The report, from the Finnish Environment Institute (FEI), showed that although most of the nine managed to cut phosphorus discharges from point sources such as municipal and industrial wastewater by 50%, they had less success with nitrogen discharges.

Transitional countries – Estonia, Latvia, Lithuania, Russia and Poland – were closer to the 50% target in 1995than the EU countries, a difference ascribed to “profound changes in [transition countries’] economies and political systems in the early 1990s”.

FEI noted: “There is still a great need and plenty scope for reductions in nutrient losses in the agricultural sector.”

The report is a summary of the work of a HELCOM (Helsinki Commission) project, which examined discharges and losses of the key nutrients – nitrogen and phosphorus – from 1987 to 1995 and predicted trends to 2005. HELCOM was set up to tackle marine pollution problems in the Baltic sea.

One of the report’s messages is that the municipalities and industries in the nine countries should be technically capable of meeting the 50% reduction target for nitrogen and phosphorus from point sources. It adds, however, that agriculture will face more difficulty in retaining its nutrients. The report uses a so-called ‘source-orientated’ approach, that is, loading the figures for point and diffuse sources.

The lack of progress for diffuse sources is ascribed to the soil being saturated with phosphorus from the intensive use of fertilisers over a long period. Progress will only be visible, the report predicts, after a long time lag. Figures show that all the transition countries except Poland had actually achieved the required 50% reduction in agriculture nutrient loading.

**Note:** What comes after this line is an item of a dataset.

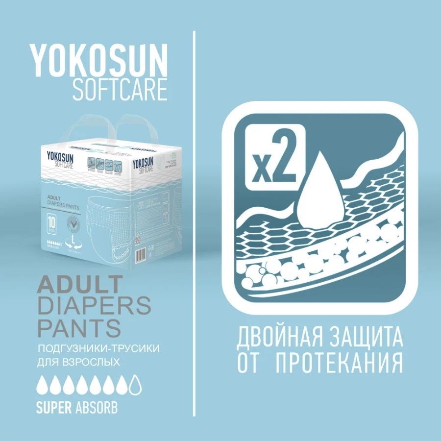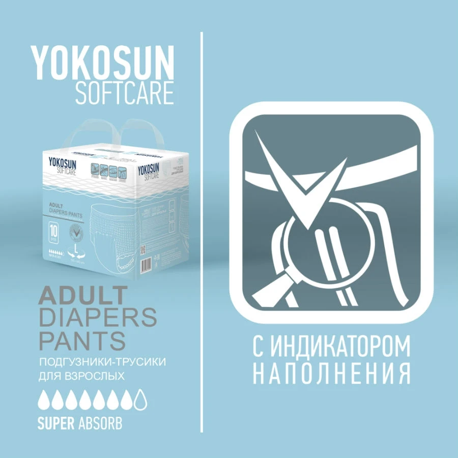 Yokosun adult panties are new breathable adult panties designed for active people and lying patients with medium and severe incontinence. Made of environmentally friendly materials without the use of chemical bleach and perfume perfumes. Hypoallergenic, dermatologically tested.

Broken down, the results show that for point sources Denmark achieved a 53% reduction in Nitrates and a 75% reduction in Phosphates; Finland 6% and 48%; Sweden 8% and 48%; Germany 46% and 80%; Poland 24% and 23%; Estonia 75% and 59%; Latvia 66% and 42%; Lithuania 39% and 58%; Russia 35% and 42%.

For agriculture the figures were: Denmark 32% and 13%; Finland 19% and 2%; Sweden 26% and 8%; Germany 26% and a 7% increase; Poland 30% and 10%; Estonia 58% and 31%; Latvia 49% and 50%; Lithuania 42% and 51%; Russia 71% and 59%.

The 50% reduction target was set in 1988, as worries grew about an increase in the size and number of algal blooms in the sea, and consequent oxygen depletion in lower waters. The declaration of the environment ministers at the 1998 HELCOM meeting recognised that the challenges in the Baltic Sea region were both economic and institutional.

At that time, the ministers declared their firm intention to “make further provision for reducing discharges from point sources, such as industrial installations and urban waste water treatment plants, of toxic and persistent substances, nutrients, heavy metals and hydrocarbons, by construction and operation of installations and equipment in conformity with the best available techniques”.

The Ministers added: “In this context it is noted that actions concerning non-point sources will also be needed. In order to fulfil these objectives, current and new efforts on reduction of the load of pollutants should aim at a substantive reduction of the substances most harmful to the ecosystem of the Baltic Sea, especially of heavy metals and toxic or persistent organic substances, and nutrients. For example, in the order of 50% of the total of each of them, as soon as possible but not later than 1995.”